### EXERCISE DETAILS
Copy nothing but the text: reproduce each line of the listing exactly and leave the pictures out.

### DATASET EXCERPT
▼

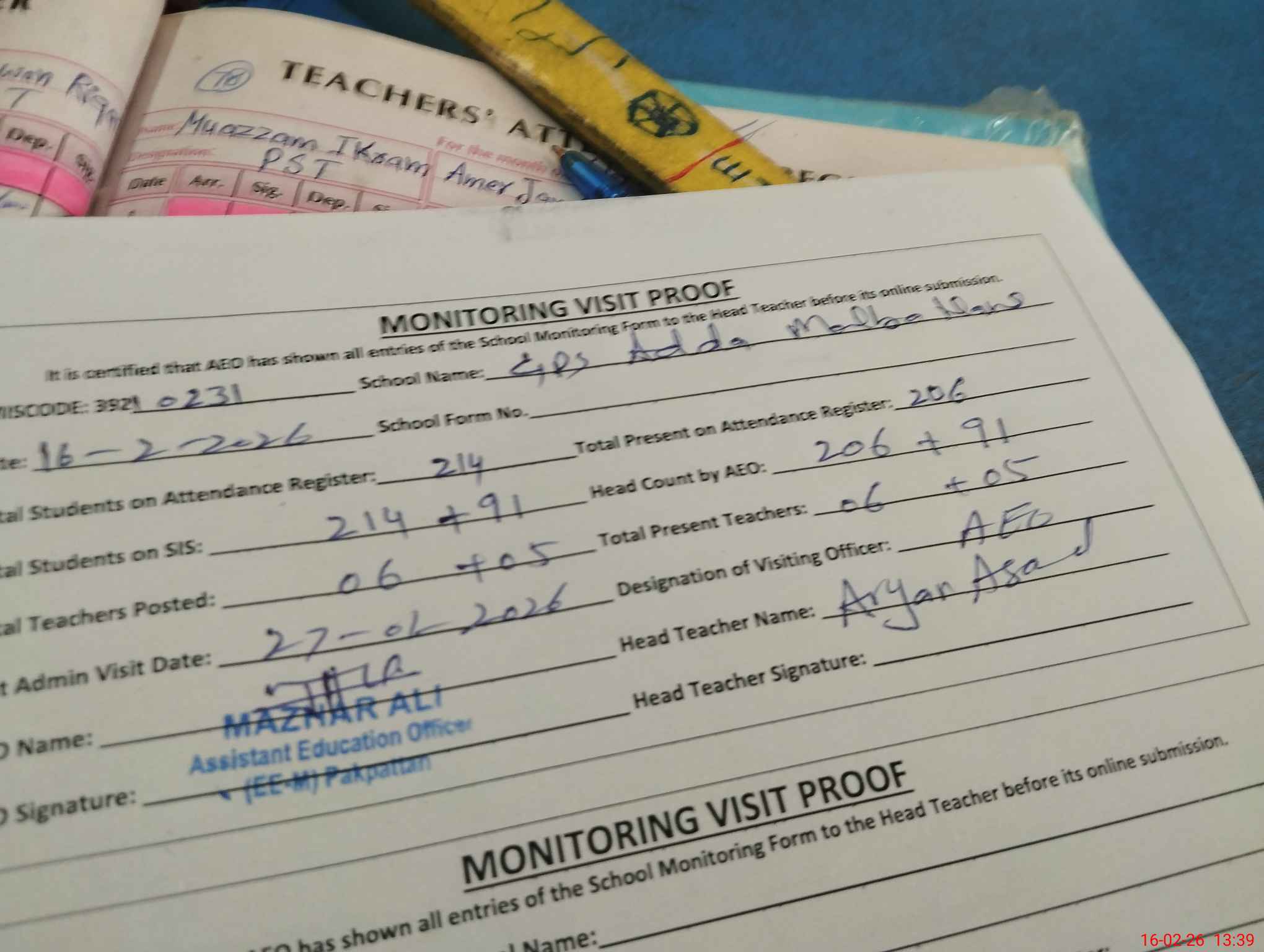| Attendance Register | Head Teacher | MEA with School | Visit Proof |
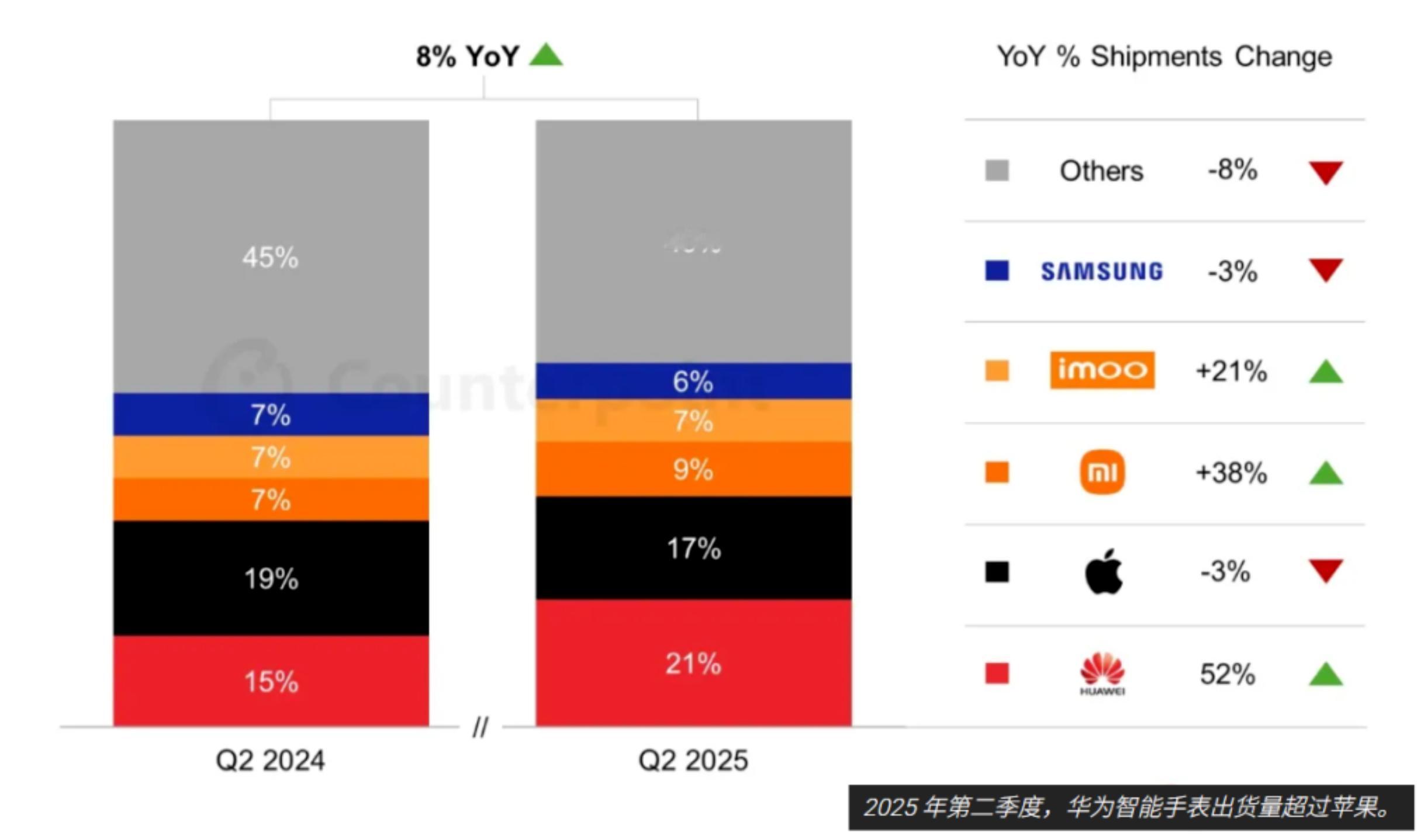 七年冠军换人了。2025年Q2全球智能手表出货3440万台,同比增长8%。华为交出720万台、暴涨53%,市占21%,首次反超苹果的580万台。
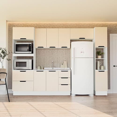Itens Inclusos: 1 Balcão, 1 Aéreo, 1 Basculante,1 Torre Quente, 1 Paneleiro, Kit Ferragens e Manual de Montagem
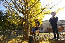 昼休み、黄色の葉っぱの絨毯の上で遊ぶ子どもたちです。

▲

### TASK OUTPUT
| Attendance Register | Head Teacher | MEA with School | Visit Proof |
 七年冠军换人了。2025年Q2全球智能手表出货3440万台,同比增长8%。华为交出720万台、暴涨53%,市占21%,首次反超苹果的580万台。
Itens Inclusos: 1 Balcão, 1 Aéreo, 1 Basculante,1 Torre Quente, 1 Paneleiro, Kit Ferragens e Manual de Montagem
 昼休み、黄色の葉っぱの絨毯の上で遊ぶ子どもたちです。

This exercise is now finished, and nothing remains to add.